> **GIVEN INFORMATION**:
►
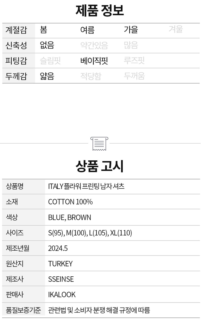 IKALOOK ITALY 플라워 프린팅 남자 셔츠 BSH103
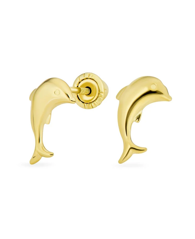Bling Jewelry Tiny Mini Minimalist Nautical Tropical Ocean Marine Life Real 14K Yellow Gold Dolphins Stud Earrings Safety Screw back
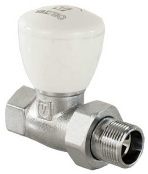 (VT.008.N) Прямой радиаторный клапан. Основное назначение – ручное плавное регулирование расхода теплоносителя через отопительный прибор. При замене регулировочной ручки на защитный колпачок может использоваться в качестве настроечного клапана. Наличие полусгона позволяет монтировать и демонтировать клапан без демонтажа трубопровода. Ремонтопригодный. Рабочая температура – до 130 °С, давление – до 10 бар. Резьба присоединений – внутренняя/наружная.
◄
> **DESCRIPTION OF THE TASK**: Exact repetition of the material above is required, with the images removed.

> **RESULT OF THIS EXERCISE**:
 IKALOOK ITALY 플라워 프린팅 남자 셔츠 BSH103
Bling Jewelry Tiny Mini Minimalist Nautical Tropical Ocean Marine Life Real 14K Yellow Gold Dolphins Stud Earrings Safety Screw back
 (VT.008.N) Прямой радиаторный клапан. Основное назначение – ручное плавное регулирование расхода теплоносителя через отопительный прибор. При замене регулировочной ручки на защитный колпачок может использоваться в качестве настроечного клапана. Наличие полусгона позволяет монтировать и демонтировать клапан без демонтажа трубопровода. Ремонтопригодный. Рабочая температура – до 130 °С, давление – до 10 бар. Резьба присоединений – внутренняя/наружная.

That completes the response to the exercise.